Why does this matter?

  • In K-Means, the centroid is the mean of the cluster — it may not correspond to any real observation. In customer segmentation, saying "your typical customer has 2.7 children and earns £47,382.50" is less useful than pointing to a real customer.
  • K-Medoids works with any distance measure, not just Euclidean distance — making it suitable for categorical data, strings, or sequences where a mean is undefined.
  • Medoids are more robust to outliers — because the representative must be a real point inside the cluster, it cannot be pulled far out by a single extreme value the way a mean can.

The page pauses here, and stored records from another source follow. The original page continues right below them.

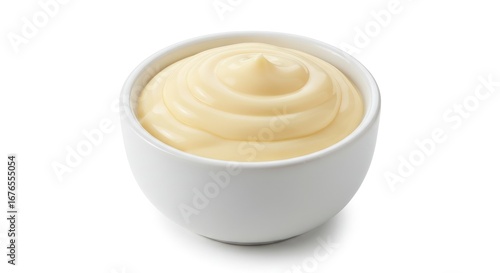 Creamy Mayonnaise Swirl in White Bowl, Isolated on White Background, Studio Lighting
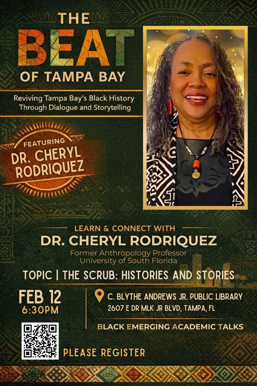 The BEAT of Tampa Bay (Black Emerging Academic Talks) features a talk by Dr. Cheryl Rodriguez exploring Tampa’s Black history.
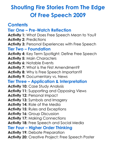Shouting Fire Stories From The Edge Of Free Speech 2009 Worksheet Activity Booklet
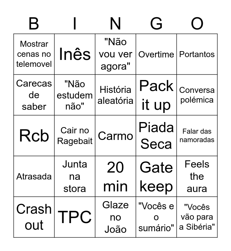 This bingo card has a free space and 29 words: Crash out, Dar Ragebait, Cair no Ragebait, Falar do Filho, Mostrar cenas no telemovel, "Não vou ver agora", "Não estudem não", Junta na stora, Piada Seca, TPC, Falar das namoradas, "Vocês vão para a Sibéria", Glaze no João, "Vocês e o sumário", Conversa polémica, Overreact, 20 min, Atrasada, Portantos, Rcb, Gate keep, Imagem de merda, Pack it up, Carecas de saber, Overtime, Inês, Feels the aura, História aleatória and Casa de banho.
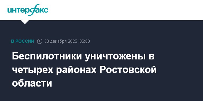 Москва. 28 декабря. INTERFAX.RU - Губернатор Ростовской области Юрий Слюсарь сообщил о ликвидации беспилотников в четырех северных районах региона в ночь на воскресенье.
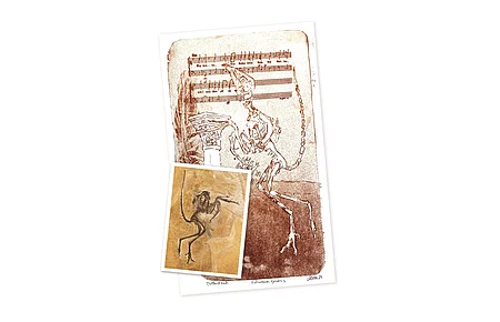 Ein großes Fossil eines kleinen Srvogels. Daneben das Modellskelett des Tiers zur Demonstration.
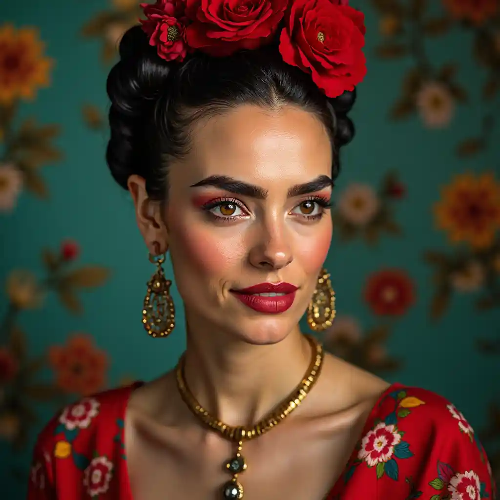 Picha ya Frida Kahlo, rangi mkali na wenye, kifahari, kina sana, mtindo, gazeti mtindo, umakini mkali, vipaji mkali, taa ya, kina cha uwanja, incredibly high kina, background blur
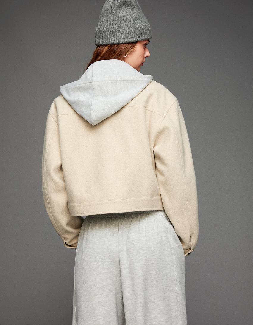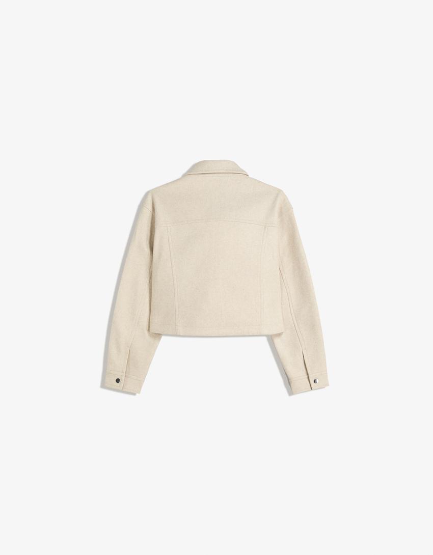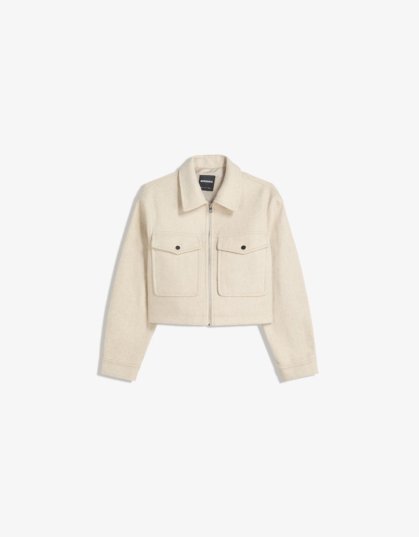 BERSHKA Куртка из мягкой ткани, песочный

The tradeoff: finding the optimal medoid within each cluster requires comparing every point against every other point in that cluster — making K-Medoids computationally heavier than K-Means.

2. The Math¶

Objective¶

$$\text{cost}(C_1,\ldots,C_K;\, z_1,\ldots,z_K) = \sum_{j=1}^{K} \sum_{i \in C_j} \text{dist}(x^{(i)}, z^{(j)})$$

where $z^{(j)} \in \{x^{(1)},\ldots,x^{(n)}\}$ — the medoid must be a real training point.

Algorithm¶

  1. Randomly select $K$ data points as initial medoids: $\{z_1,\ldots,z_K\} \subseteq \{x^{(1)},\ldots,x^{(n)}\}$
  2. Assignment: assign each point to its nearest medoid
  3. Update: for each cluster $C_j$, find the point that minimises total distance to all other points in $C_j$: $$z^{(j)} \leftarrow \arg\min_{x^{(i)} \in C_j} \sum_{x^{(l)} \in C_j} \text{dist}(x^{(i)}, x^{(l)})$$
  4. Repeat until medoids stop changing

Key difference from K-Means¶

K-Means update: $z^{(j)} = \frac{1}{|C_j|}\sum_{i \in C_j} x^{(i)}$ — any point in space

K-Medoids update: $z^{(j)} = \arg\min_{x \in C_j} \sum_{l \in C_j} \text{dist}(x, x^{(l)})$ — must be a training point

In [1]:
import numpy as np
import matplotlib.pyplot as plt

fig, axes = plt.subplots(1, 2, figsize=(13, 4))
rng = np.random.default_rng(3)

# Small cluster 2 (6 points) so outlier visibly drags the K-Means centroid
X_c1 = rng.multivariate_normal([-2, -2], [[0.4, 0], [0, 0.4]], 20)
X_c2 = rng.multivariate_normal([3, 1],   [[0.3, 0], [0, 0.3]],  6)
outlier = np.array([[8.5, -2]])
X_d = np.vstack([X_c1, X_c2, outlier])

n1, n2 = len(X_c1), len(X_c2)        # 20, 6
# Cluster 2 membership includes the outlier (to show its effect)
c2_all = X_d[n1:]                     # 6 cluster pts + 1 outlier = 7 pts

for ax, title, use_medoid in [
    (axes[0], 'K-Means: centroid (can be any point)',  False),
    (axes[1], 'K-Medoids: medoid (must be real point)', True)]:

    ax.scatter(X_c1[:,0], X_c1[:,1],   c='steelblue', edgecolors='k', s=40, alpha=0.7, label='Cluster 1')
    ax.scatter(X_c2[:,0], X_c2[:,1],   c='tomato',    edgecolors='k', s=40, alpha=0.7, label='Cluster 2')
    ax.scatter(*outlier[0],            c='orange',    edgecolors='k', s=120, marker='D', zorder=4, label='Outlier')

    if use_medoid:
        # Cluster 1 medoid: real point minimising sum of distances within cluster
        idx1 = np.argmin([np.linalg.norm(X_c1 - x, axis=1).sum() for x in X_c1])
        rep1 = X_c1[idx1]
        # Cluster 2 medoid: chosen only from the 6 real cluster points (not outlier)
        idx2 = np.argmin([np.linalg.norm(X_c2 - x, axis=1).sum() for x in X_c2])
        rep2 = X_c2[idx2]
        ax.scatter(*rep1, c='steelblue', marker='*', s=350, edgecolors='black', zorder=5)
        ax.scatter(*rep2, c='tomato',    marker='*', s=350, edgecolors='black', zorder=5, label='Medoids')
    else:
        # Cluster 1 centroid: mean (outlier not in cluster 1)
        rep1 = X_c1.mean(axis=0)
        # Cluster 2 centroid: mean INCLUDING outlier — this drags it into empty space
        rep2 = c2_all.mean(axis=0)
        ax.scatter(*rep1, c='steelblue', marker='*', s=350, edgecolors='black', zorder=5)
        ax.scatter(*rep2, c='tomato',    marker='*', s=350, edgecolors='black', zorder=5, label='Centroids')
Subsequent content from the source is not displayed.